"Ils jetaient les morts dans des bennes": un Turc dans l'horreur des prisons syriennes
Mehmet Ertürk ne peut plus manger le pain que prépare Hatice, sa femme. Ce Turc aux joues creuses vient d'être libéré d'une geôle syrienne et la moitié de ses dents manquent, tandis que les autres menacent de tomber.
"C'était torture sur torture", affirme-t-il à l'AFP en mimant les coups de matraque à la bouche qu'il dit avoir reçus des gardiens de la Branche Palestine, une prison de Damas où il a passé une partie de ses presque vingt-et-une années de détention en Syrie.
Arrêté en 2004 pour contrebande, Mehmet Ertürk a retrouvé lundi soir son village, Magaracik, perché au sommet d'une route en serpent au milieu d'une terre ocre piquée d'oliviers, à 10 minutes de la frontière syrienne à travers champs.
"Ma famille pensait que j'étais mort", lâche l'homme de 53 ans, dont le visage et la démarche lui en font paraître vingt de plus.
La nuit de sa libération, il entend des coups de feu et se met à prier: "Nous ne savions pas ce qu'il se passait à l'extérieur. J'ai cru que j'étais fini".

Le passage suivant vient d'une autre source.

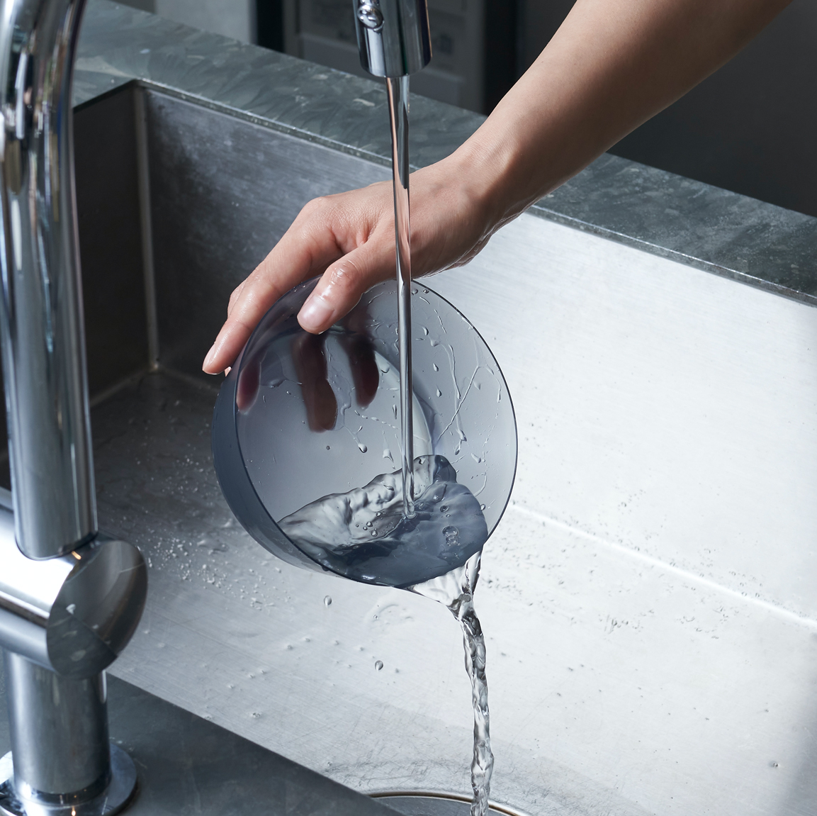 汚れ落ちがよく、色移りもしにくい特別な樹脂製で、洗い上がりがさっぱりします。

Puis de grands coups de marteaux se mettent à résonner. Quelques minutes plus tard, les rebelles entrés dans Damas pour faire chuter Bachar al-Assad ouvrent grand les portes de la prison.
- "comme dans un cercueil" -
"Nous ne l'avions plus vu depuis onze ans, nous le croyions mort, nous n'avions plus d'espoir", confesse son épouse, assise dans la cour de la maison familiale avec sa plus jeune fille, âgée d'à peine six mois lors de l'arrestation de son père.

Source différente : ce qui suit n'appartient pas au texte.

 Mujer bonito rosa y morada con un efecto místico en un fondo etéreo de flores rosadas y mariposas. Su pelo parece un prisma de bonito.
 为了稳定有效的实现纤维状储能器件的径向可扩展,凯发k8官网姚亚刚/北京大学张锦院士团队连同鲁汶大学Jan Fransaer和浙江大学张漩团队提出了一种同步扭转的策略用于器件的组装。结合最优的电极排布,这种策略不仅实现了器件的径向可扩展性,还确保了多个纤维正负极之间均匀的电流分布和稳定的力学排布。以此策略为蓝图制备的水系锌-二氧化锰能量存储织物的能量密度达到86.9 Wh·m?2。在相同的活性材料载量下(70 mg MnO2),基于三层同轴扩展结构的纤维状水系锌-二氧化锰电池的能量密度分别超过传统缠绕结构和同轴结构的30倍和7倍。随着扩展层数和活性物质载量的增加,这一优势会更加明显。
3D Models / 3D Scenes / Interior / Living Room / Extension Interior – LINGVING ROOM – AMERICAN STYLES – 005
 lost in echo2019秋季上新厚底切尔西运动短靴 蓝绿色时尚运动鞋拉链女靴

Condamné à quinze années de réclusion, l'administration pénitentiaire syrienne laissera le père de quatre enfants croupir dans un cachot souterrain, à la merci de gardiens zélés, sans se soucier de sa date de fin de peine, prévue en 2019.
"Nos os sortaient de la chair lorsqu'ils nous frappaient les poignets à coups de marteau", raconte-t-il.
"Ils ont aussi versé de l'eau bouillante dans le cou d'un codétenu. La chair de son cou est descendue jusqu'en bas", dit-il en montrant ses hanches.
Il baisse une chaussette pour laisser apparaître sa cheville droite, plus foncée par endroits. La trace des chaînes de forçats.
"La journée, il était strictement interdit de parler (...) Il y avait des cafards dans la nourriture. C'était humide, ça sentait les toilettes", poursuit-il, faisant le récit des jours "sans vêtements, sans eau, sans nourriture: c'était comme dans un cercueil".
"Ils mettaient 115, 120 personnes dans une cellule de 20 personnes. Beaucoup de gens sont morts de faim", assure-t-il, affirmant que les gardiens "jetaient les morts dans des bennes à ordures".
- "corde au plafond" -
L'ex-détenu dit aussi avoir fait les frais de la haine vouée par l'ex-pouvoir syrien au président turc Recep Tayyip Erdogan, qui dès les premiers mois de la guerre en Syrie, en 2011, exhortait Bachar al-Assad à quitter le pouvoir.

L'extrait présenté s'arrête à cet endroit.